In order to measure the human post editing effort accurately, we use TER (Translational Error Rate) value Snover et al., (2006). It calculates the number of editing operations, including phrasal shifts that are needed to change a hypothesis translation into an adequate and fluent sentence, normalized by the length of the final sentence. It is observed that the translations provided by current MT systems often fail to deliver desirable output. Thus, to improve the quality, translations are corrected or post-edited by human translators. One of the major goals of an automatic PE system is to reduce the effort of the human post-editors by automatically customizing the MT output to be suited for a particular translation domain.
In general, MT output suffers from a number of adequacy errors which include incorrect lexical choice, word ordering, insertion, deletion, etc. Thus, in the present attempt, we developed a SAPE system that covers the above-mentioned errors while dealing with the translated and post-edited MT outputs. In addition to SAPE system, we have also incorporated a Hierarchical Phrase-Based SMT (HPBSMT) Chiang, (2007) which is capable to correct word ordering error. The performance of a SMT (as well as SAPE) system heavily relies on bilingual data and word alignment methods. Therefore, we present a hybrid word alignment method in order to provide well estimated word alignment links to be used by our SAPE system. On the other hand, during the phrase alignment step, the system automatically estimates the word insertion errors (by considering one-to-many alignment links between MT–PE aligned data), word deletion errors (by considering many-to-one alignment links between MT–PE aligned data). It also handles lexical errors (by estimating lexical weights during model estimation) and word ordering. It has to be mentioned that the HPBSMT facilitates word ordering, as it uses synchronous context free grammar (SCFG) Aho and Ullman, (1969) based on hierarchical phrases.

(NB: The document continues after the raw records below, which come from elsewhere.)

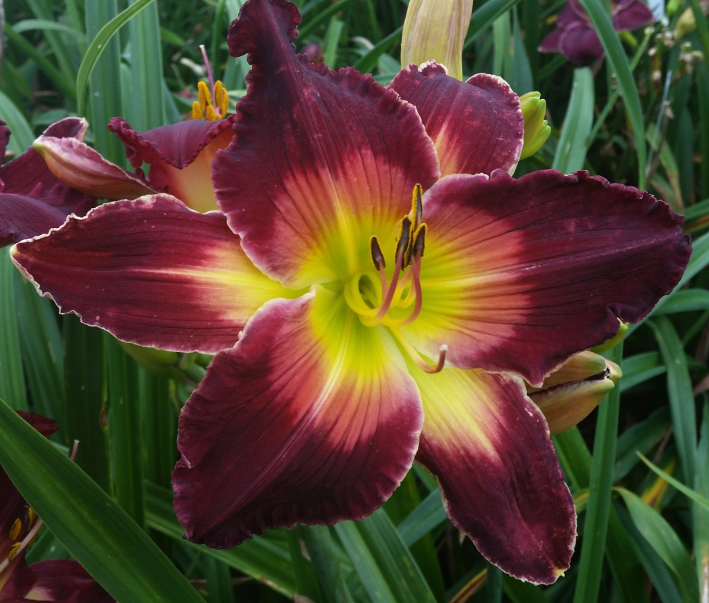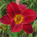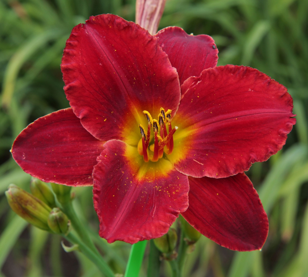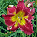 scarlet red with garnet red band above yellow green throat, slightly ruffled lighter edge with small teeth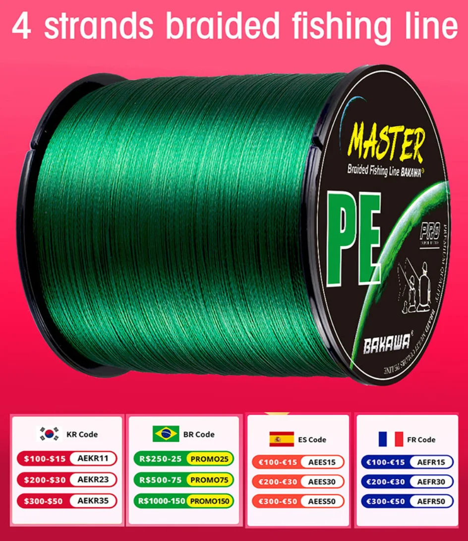 BAKAWA 8 hebras 1000M 500M 300M LÍNEA DE Pesca trenzada multifilamento Pesca carpa Super fuerte tejido mar agua salada extremo 100% PE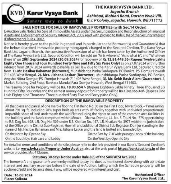 | Schedule of Property: | All that piece and parcel of one marble flooring Flat Being No. 06 on the First Floor, Tower/Block-'T' measuring about 791 sq. ft. including 20percentage super built up area with lift facility together with undivided proportionate impartible share of land underneath the said Flat including the rights or user of the common area facilities in the building and the lands comprised within Mouza - Dharsa, Domjur, J.L. No. 5, Touzi No. -775 appertaining to R.S. Dag No. 698, L.R. Dag No. 509 under R.S. Khatian No. 447, L.R. Khatian No. 3975 within the jurisdiction of the Office of the District Sub-Registrar, Howrah and additional District Sub Registrar, Domjur standing in the name of Mr. Hasibar Rahaman and Mrs. Jishana Laskar and the land is butted and bounded byOn the North by: Open to Sky On the East by: 7'-0' wide passage/Lobby of the buildingOn the South by: Stair case and LobbyOn the West by: Open to Sky |
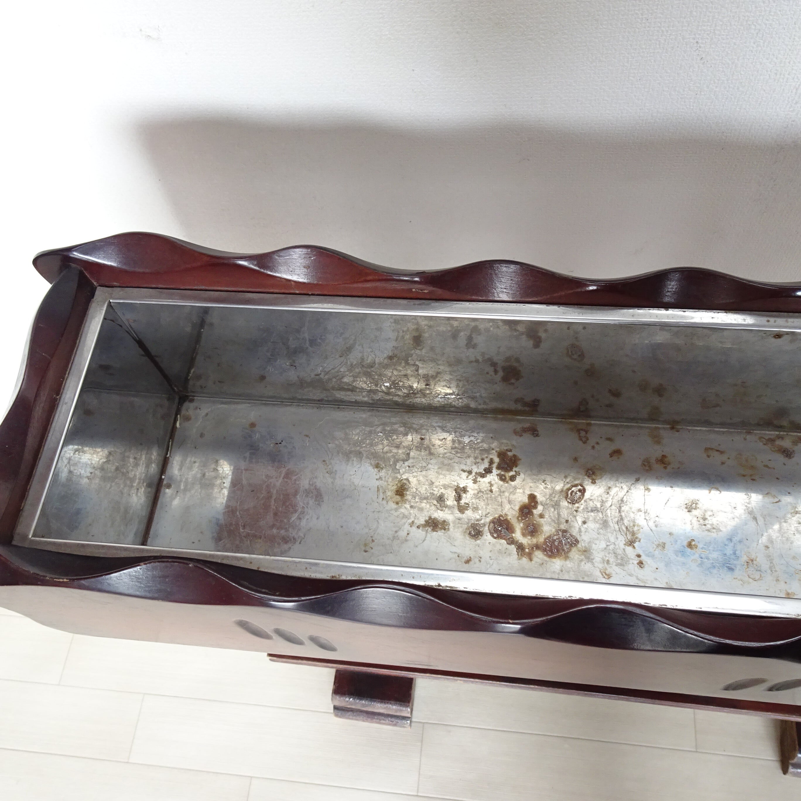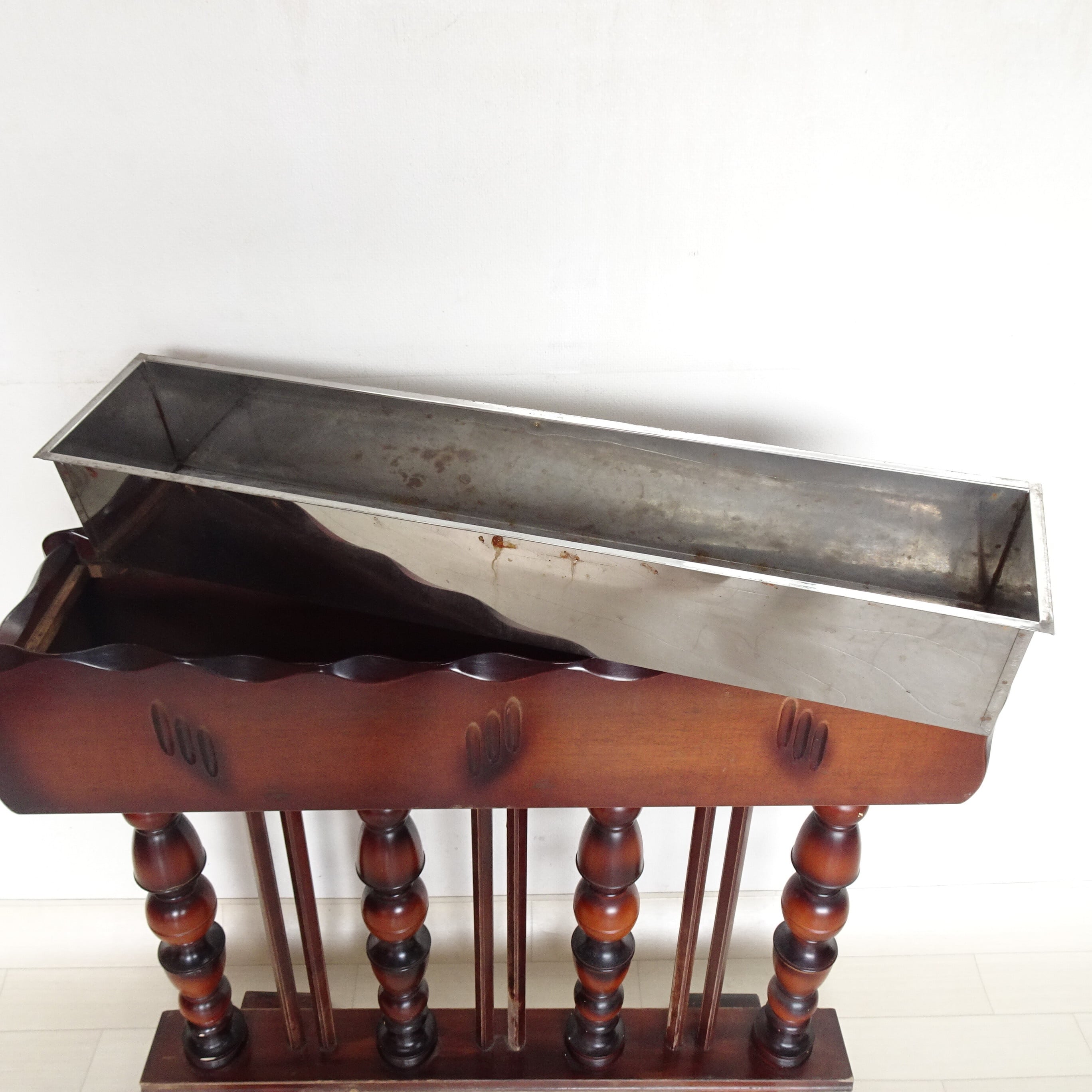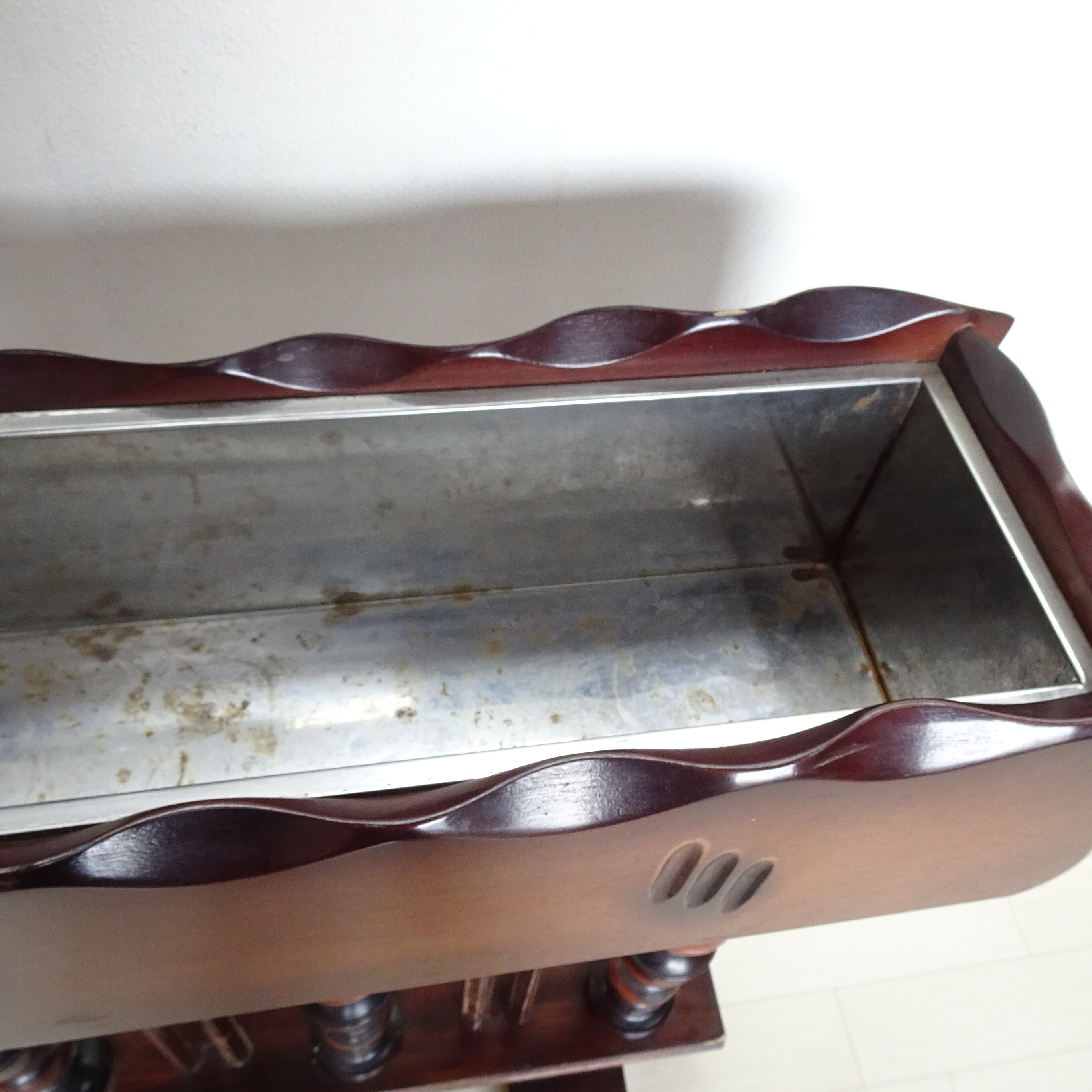 上部はステンレスの物入れになっており、プランターや観葉植物などを入れることができます。

We evaluated our system by computing the scores using BLEU Papineni et al., (2002), TER Snover et al., (2006) and Meteor Denkowski:2011 metrics, which show that our SAPE system produces significant improvement over the raw MT output.
The remainder of the paper is organized as follows. Section 2 gives an overview of the related work, Section 3 describes the components of our system: preprocessing, hybrid word alignment method and HPBSMT system. In Section 4, we present the experimental setup whereas Section 5 provides the results with some analysis, followed by conclusions and further work described in Section 6.
2 Related Research
In the recent trends, various works have been attempted in automated post editing process with the help of Statistical MT (SMT) or Phrase based SMT (PBSMT) systems, as suggested by Lagarda et al., (2009). This means that the translation from the source language to the target language can be done using Rule based Machine Translation (RBMT) or PBSMT systems and the output can be fed to another SMT or PBSMT system to get the post edited form. Therefore, one of the advantages of APE systems is that they can adapt any black-box MT engine output and provide automatic PE output without retraining or re-implementing the original MT engine.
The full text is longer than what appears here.